======== Source material

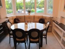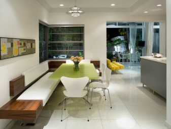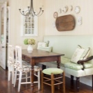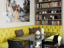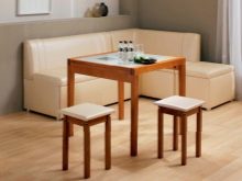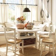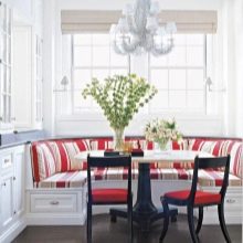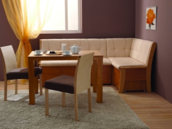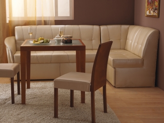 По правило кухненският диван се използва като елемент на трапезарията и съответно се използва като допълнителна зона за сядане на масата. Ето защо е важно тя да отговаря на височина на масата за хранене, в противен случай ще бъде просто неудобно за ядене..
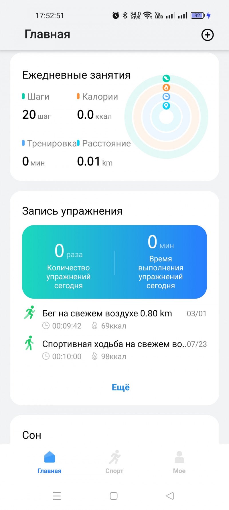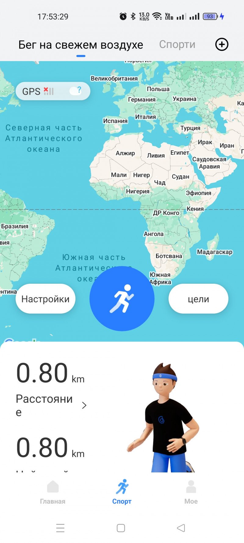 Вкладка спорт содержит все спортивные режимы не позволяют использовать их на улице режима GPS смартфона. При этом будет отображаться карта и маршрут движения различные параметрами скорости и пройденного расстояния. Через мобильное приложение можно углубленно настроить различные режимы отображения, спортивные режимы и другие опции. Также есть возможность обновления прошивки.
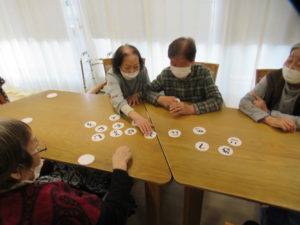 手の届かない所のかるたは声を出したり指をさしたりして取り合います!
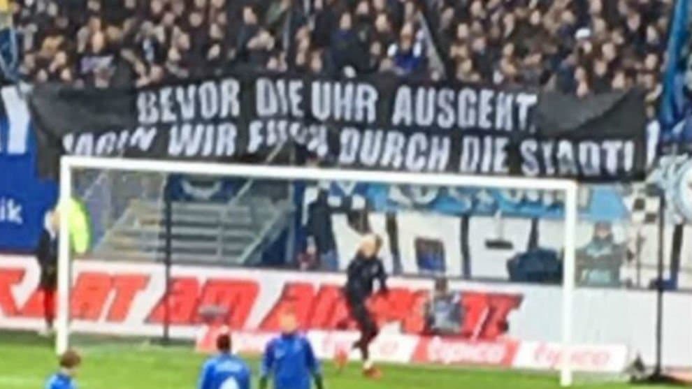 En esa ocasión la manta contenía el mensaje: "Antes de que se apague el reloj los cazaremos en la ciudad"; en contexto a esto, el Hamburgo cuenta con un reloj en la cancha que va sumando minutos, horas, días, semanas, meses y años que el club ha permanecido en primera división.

================

> Problem to solve
Return the full material word for word. Do not include the pictures.

> Exercise solution
 По правило кухненският диван се използва като елемент на трапезарията и съответно се използва като допълнителна зона за сядане на масата. Ето защо е важно тя да отговаря на височина на масата за хранене, в противен случай ще бъде просто неудобно за ядене..
 Вкладка спорт содержит все спортивные режимы не позволяют использовать их на улице режима GPS смартфона. При этом будет отображаться карта и маршрут движения различные параметрами скорости и пройденного расстояния. Через мобильное приложение можно углубленно настроить различные режимы отображения, спортивные режимы и другие опции. Также есть возможность обновления прошивки.
 手の届かない所のかるたは声を出したり指をさしたりして取り合います!
 En esa ocasión la manta contenía el mensaje: "Antes de que se apague el reloj los cazaremos en la ciudad"; en contexto a esto, el Hamburgo cuenta con un reloj en la cancha que va sumando minutos, horas, días, semanas, meses y años que el club ha permanecido en primera división.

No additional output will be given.